Contents
raw book
bits (m)=?, k=? Fill: 0% FP≈0% visual bits: ?
Powered by BloomFilter.js

Introduction to Bloomfilters

Bloomfilters are probabilistic data structures designed to test set membership efficiently. They provide a clear answer when an element is not in a set, while allowing a small probability of false positives when reporting that an element is in the set. This balance makes them especially useful when memory constraints matter more than occasional uncertainty. A classical example is email filtering: before querying a blocklist database, a Bloomfilter can be used as a quick preliminary test to reject addresses that are definitely not listed.

1. The Basic Idea

A Bloomfilter uses a bit array of length \(m\) and \(k\) hash functions \(h_1, \ldots, h_k\).

The key question is: how large must \(m\) be, and how many hash functions \(k\) should be used, to achieve a low false positive probability for \(n\) inserted elements?

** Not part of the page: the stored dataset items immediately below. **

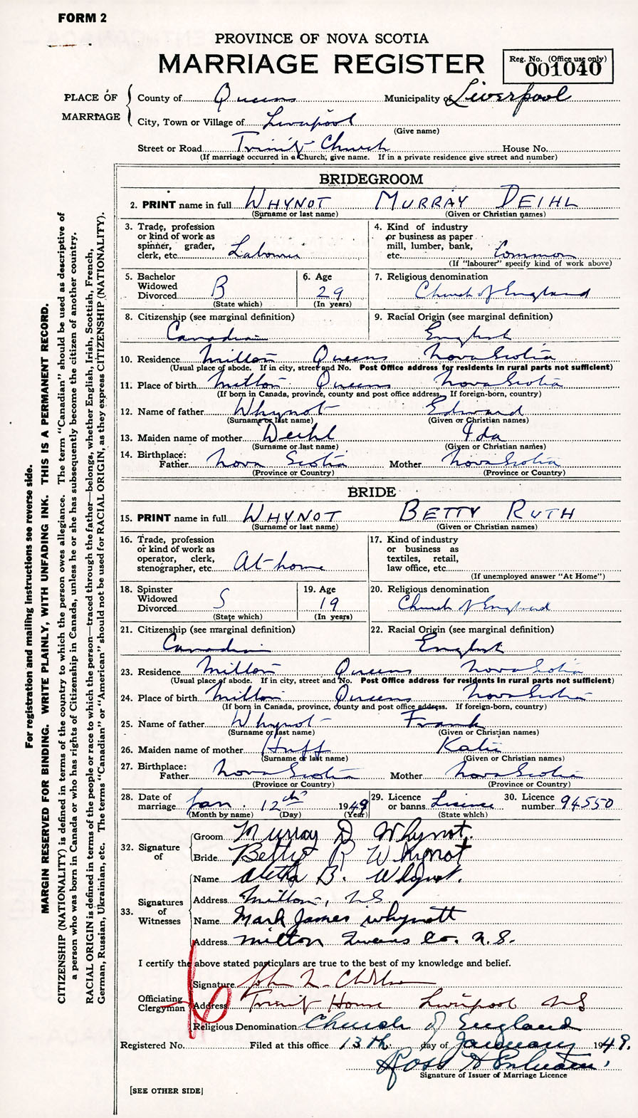 Registration: Year: 1949 number: 001040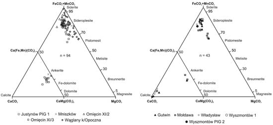 The clayey siderites contain not only sideroplesite but also clay pelite (0–35 vol.% of rock), impregnated in places with organic matter or iron hydroxides. Clay minerals that occur in siderites are represented by very fine, colorless, low-birefringent flakes, probably representing mainly kaolinite. The green and yellow clay minerals represent berthierine and illite, as evidenced by X-ray studies []. Ankerite and less frequent calcite occur in varying amounts in the clayey siderites. The mineral composition of carbonate cements from the tested samples is presented in Table S2 and in the classification triangle (Figure 4). Quartz grains of the aleurite and psammite fractions account for 1.0–49.0 vol.% of rock, while feldspar grains (microclines), mica flakes (muscovite), coalified plant remains, and pyrite concentrations usually do not exceed 1.0 vol.%. Accessory constituents are also represented by zircon. The highest content of plant debris was recorded in the Wyszmontów PIG 2 borehole (depth 30.7 m-6.3 vol.%). A large amount of pyrite (12.7 vol.% was found at a depth of 125.0 m in the Wyszmontów 1 borehole.
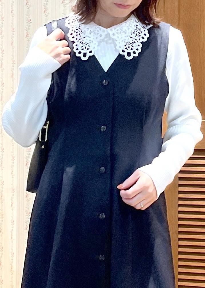 襟元のレースがポイント! -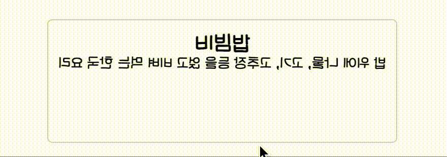 메뉴 카드의 기본 Y축 회전값을 0도로 두고, hover 상태가 되었을 때 180도로 바꿔준다.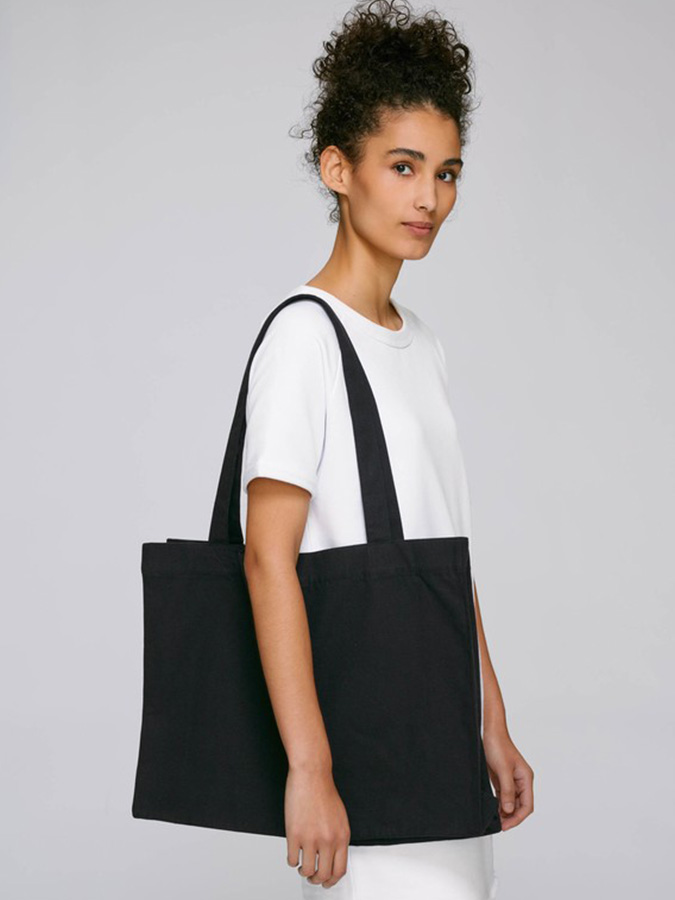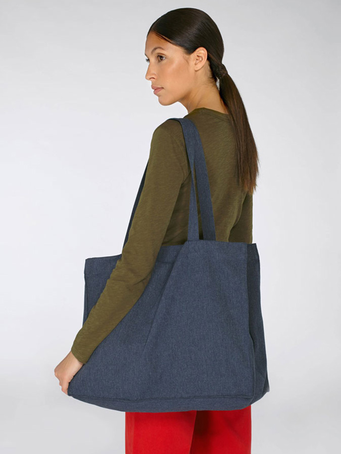 Широка текстилна чанта, изработена от плътен органичен памук и рециклиран полиестер. Изключително здрава подходяща за различни дейности!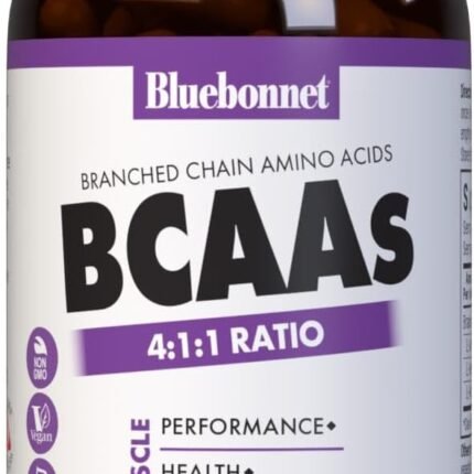 Bluebonnet Nutrition BCAAs 4:1:1 Ratio, Muscle Performance*, Muscle Health*, Muscle Repair*, Non-GMO, Vegan, Kosher Certified, Gluten-Free, Soy-Free, Dairy-Free, 120 Vegetable Capsules, 30 Servings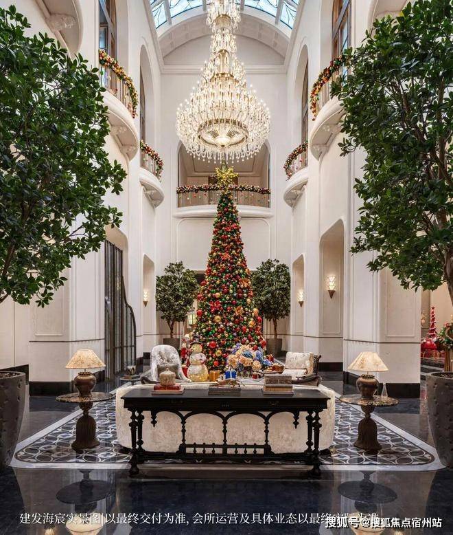 首层的孔雀厅同源上海华尔道夫酒店的摩登精髓,星空穹顶下,水晶吊灯与艺术装置交相辉映。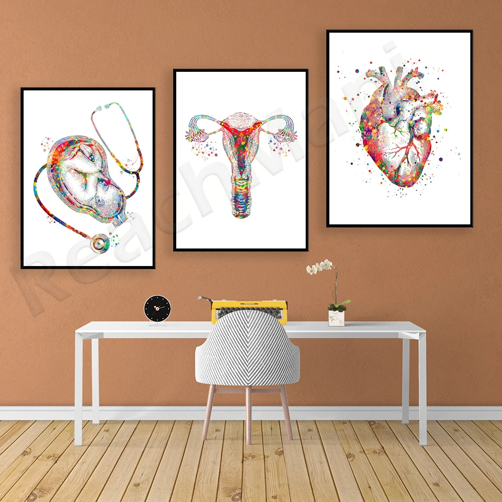 Женская анатомия, ребенок в матке, стетоскоп, фотография матки, медицинское искусство, Акушерство и гинекология, Постер, подарок для акушерс...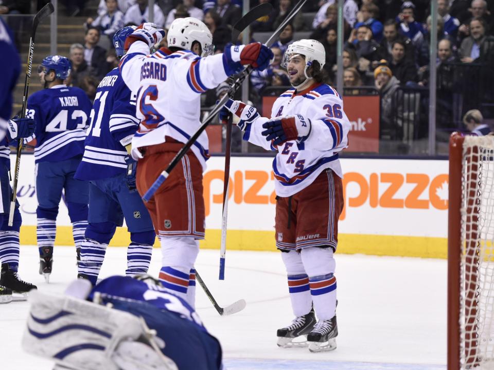 Zucc’s Back: A happy Mats Zuccarello gets congrats from Derick Brassard for one of his two goals in the Rangers’ 5-4 win over the Leafs.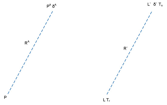 where and are the ship domain radiuses of the OS and TS, respectively; is the sum of , , and the safe distance between OS and TS (). We have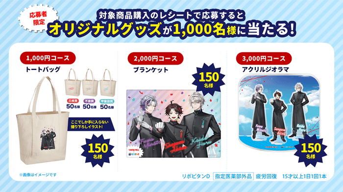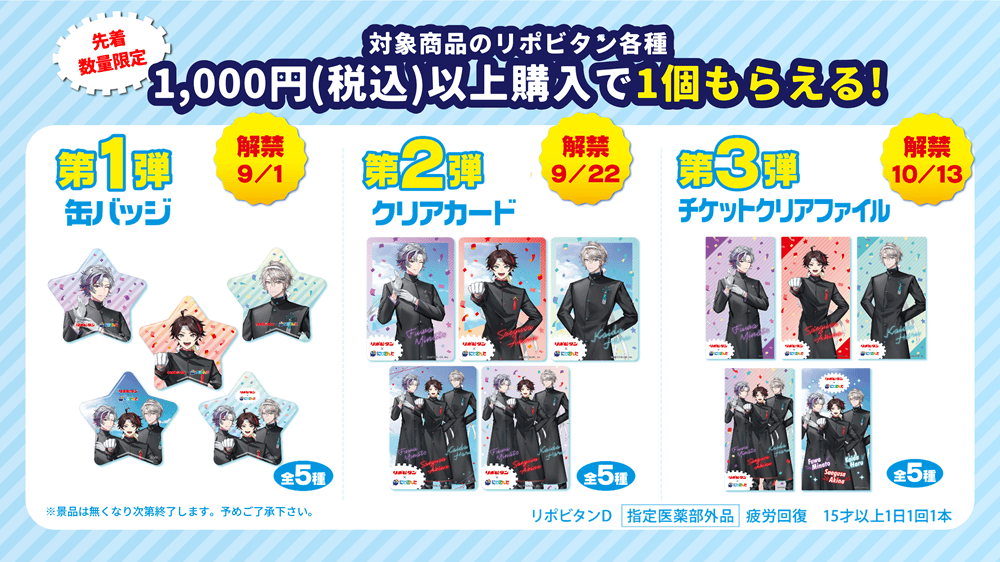 対象商品のリポビタンを1,000円以上ご購入で、限定グッズをプレゼント!今回の限定グッズは、なんと3つの期間ごとにグッズがもらえます。グッズは無くなり次第終了となりますので対象店頭を要チェック!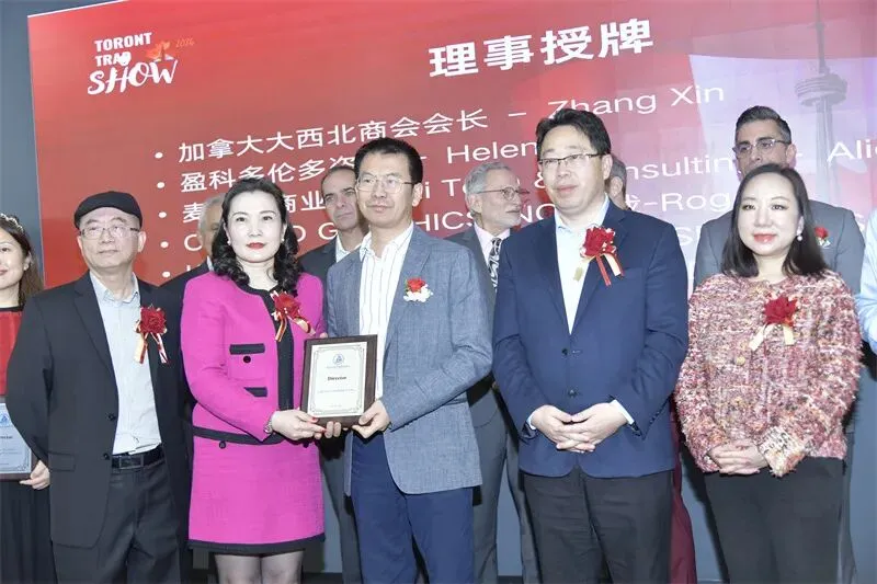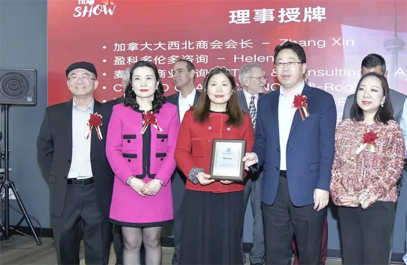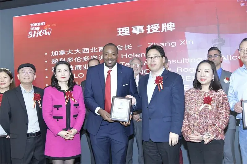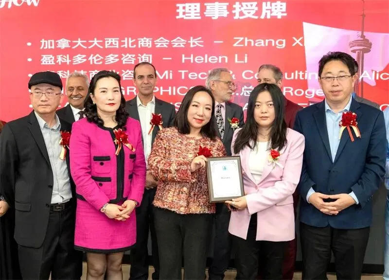 发布会期间还举行了理事证书颁发仪式。加中企业出海服务中心新增五位理事,分别是:非洲国际贸易大使王大伟(Louis Claude Hermann Mefire)、加拿大大西北商会会长Zhang Xin、盈科多伦多咨询负责人Helen Li、麦科技商业咨询负责人Alice Ding,以及CHEELO GRAPHICS INC.总裁Roger。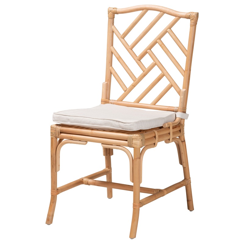 Rejuvenate the mood of every meal with the exotic flair of the Scarlet dining chair. Made in Indonesia, this bohemian inspired piece is crafted from natural rattan and features a plush fabric-upholstered seat cushion. Its openwork backrest features intersecting rattan rods for a sleek, geometric display that offers superb back support. The Scarlet will arrive fully assembled and features an ergonomic crossbar between its legs for excellent stability and support. Granting a tranquil aura to every occasion, the Scarlet dining chair refreshes any interior.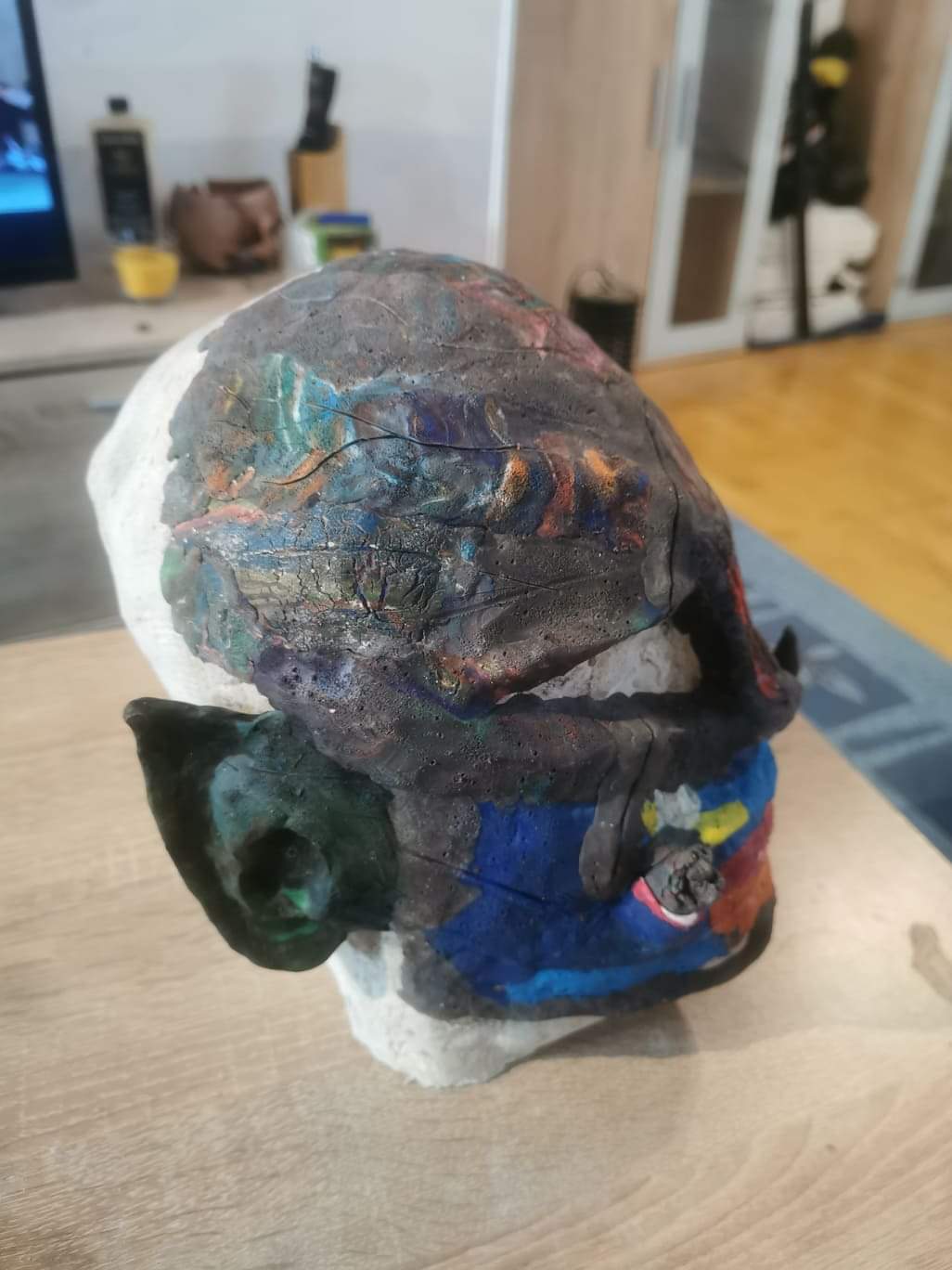 Es sieht streng genommen so aus als würdest du gerade erst anfangen daran zu arbeiten. Als hättest du jetzt die Knete drauf gepackt um nun ein Gesicht daraus zu machen.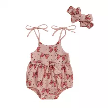 Use our battle tested marketing materials for Baby Girl Summer Romper Tie Strap Bow Print Jumpsuit with Headband

2. False Positive Probability

2.1 Occupancy of Bits

Each insertion sets \(k\) bits. After \(n\) insertions, there are \(kn\) bit assignments.

The probability that a given bit remains 0 after all insertions is

\[ \left(1 - \frac{1}{m}\right)^{kn}. \]

The probability that the bit is 1 is then

\[ p = 1 - \left(1 - \frac{1}{m}\right)^{kn}. \]

2.2 Querying an Element

For an element not in the set, each of the \(k\) checked positions has probability \(p\) of being 1. The false positive probability is therefore

\[ P_\text{fp} = \left(1 - \left(1 - \frac{1}{m}\right)^{kn}\right)^k. \]

2.3 Approximation

For large \(m\),

\[ \left(1 - \frac{1}{m}\right)^{kn} \approx e^{-kn/m}. \]

Thus

\[ P_\text{fp} \approx \left(1 - e^{-kn/m}\right)^k. \]

This compact expression connects \(m\), \(n\), and \(k\) to the false positive rate.

3. Optimal Number of Hash Functions

The optimal \(k\) minimizes

\[ f(k) = \left(1 - e^{-kn/m}\right)^k. \]

Taking logarithms,

\[ \ln f(k) = k \ln\!\big(1 - e^{-kn/m}\big). \]

Differentiating and solving yields

\[ k = \frac{m}{n}\ln 2. \]

At this value, half of the bits in the filter are expected to be set, maximizing entropy and minimizing false positives.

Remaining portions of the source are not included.